That's not what I was saying.... Now if you think about it, and YOU were driving the truck Mark, you don't think that you could hang a plow on an F650 and make it last? I know that my next vehicle will be a cab forward... Not sure of the brand yet, but that will be what I buy, and I will hang a Blizzard off the front of it. That being said I will drive it. I have now desire to have more then 2-3 trucks, and I know that I can make it work and last.

Ron, I have Erie 99, now I didn't drink any kool aid while i was there, but I do feel that many of the upgrades are worth every dollar. As for the nuts to be honest I like Chris's stops that he fabed up better and I think they would help the issue with the A Frame. I also know that the D&D a frames aren't as good, so that is a risk I was willing to take not to have the issue of bending pins. Everyone has opinions, but I don't feel it's right to trash on someones install. This company owner wanted these plows on these trucks, Jerre gave him what he wanted. That's what he does, gives people what they want. I honestly have a hard time believing that he didn't say to this guy that the truck maybe a bit much for the plow. Maybe he didn't though, I don't know.

My local municipality has a wideout on a brand new GMC 5500, how long do you think that thing is going to last on our local roads? But the dealer gave them what they asked for. This guy wanted 8611's, he got what he asked for, if it didn't work, well that's tough.


----------



## Mark Oomkes (Dec 10, 2000)

rsvees;870609 said:


> That's not what I was saying.... Now if you think about it, and YOU were driving the truck Mark, you don't think that you could hang a plow on an F650 and make it last?


Nope, I, like Ron, use my equipment to it's fullest. Some would call it abuse. I'm probably harder on my equipment than my employees.

Knowing the hazards of plowing, that amount of weight will cause the 8611 to bend, fold, pretzel, tweak, etc. With or without Erie Specializing.

Everyone will catch a drain grate, manhole, water shutoff, curb, whatever at some point in time. And if you plow for a living, you won't be going under the recommended speed of the mfg.


----------



## 4evergreenlawns (Oct 22, 2002)

Rsvees, 

Off topic but to your point about "giving a custmer what they want".
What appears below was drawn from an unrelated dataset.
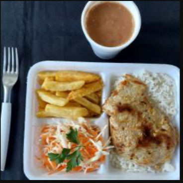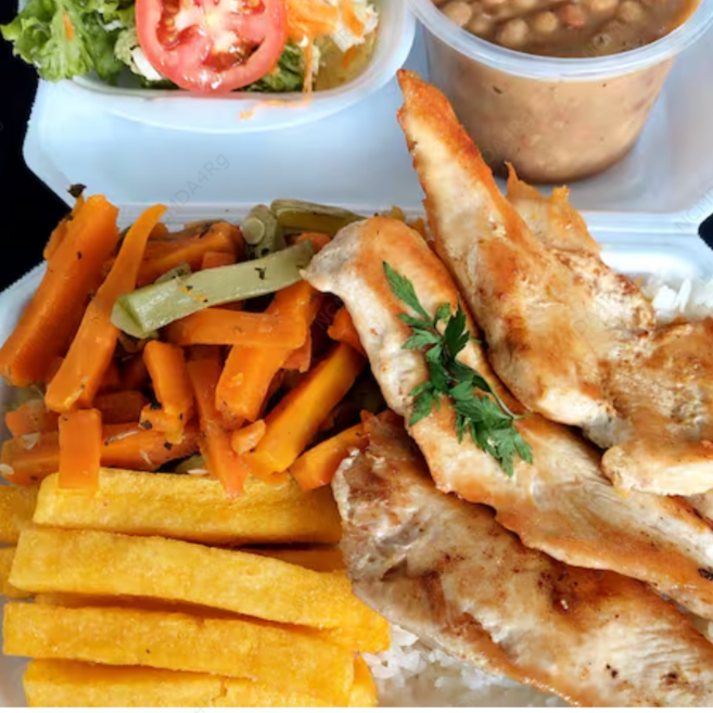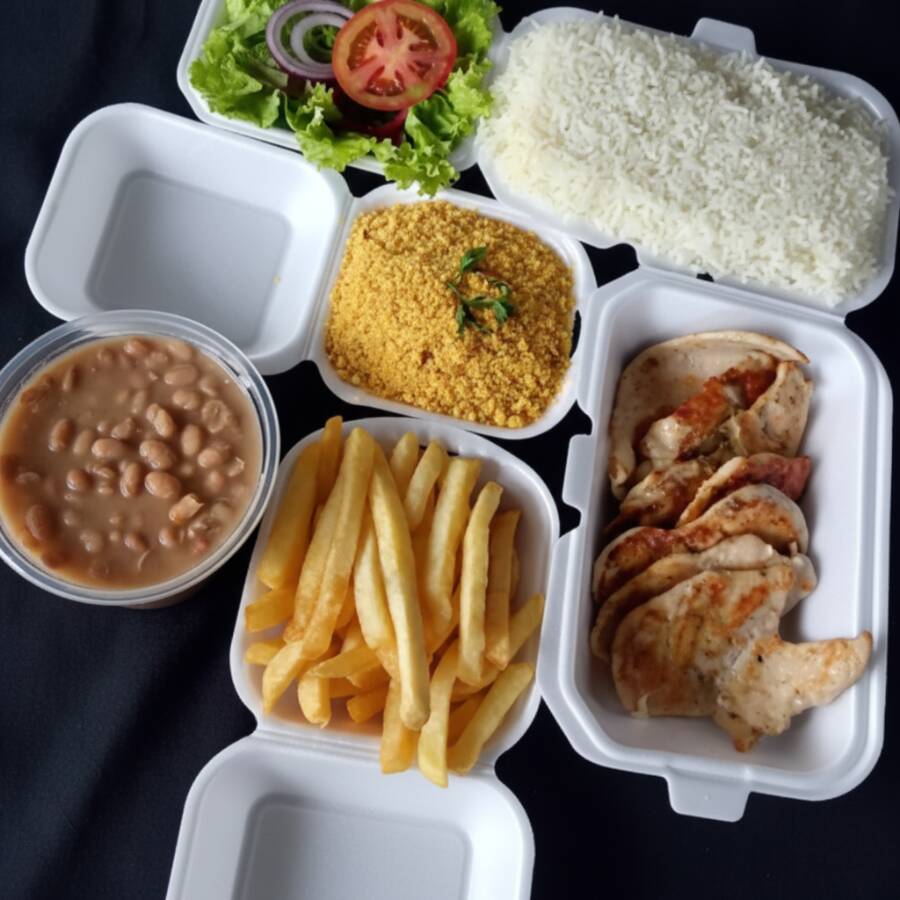 Deliciosa marmitex com filé de frango grelhado, dois acompanhamentos, arroz, feijão separado e salada separada. Serve 2 pessoas

More then once I have had to walk away from the table when a Client insisted on a design the I knew was not going to pan out. I warranty my installs for 5 years from the date of completion. You can bet if a Client want me to build something that I know will not last 5 weeks much less 5 years I WILL NOT TO THE WORK. I will offer then the best option possible and I will do all I can to uphold my brand.

So I really do not care what a Cleint tells me about what they want and waht they will pay or how I do nto need to warranty it if I do not think it will last 5 years. Once it fails they are not going to be telling ther friend they were the one that were told it would not work but wanted it anyway. 

What about all the referal business I lose when people show up and see the work and ask, "WHO DID THAT INSTALL?" not that is looks like arse. 

Back on topic, the owner ask COULD IT BE DONE, it was told by was was being called the EXPERT "YES". Not one time did he ever mention that he told Tovar the plows would not hold up, and if he did know they would not and did the work anyway for the money do you really think there is any ethics behind that at ALL??????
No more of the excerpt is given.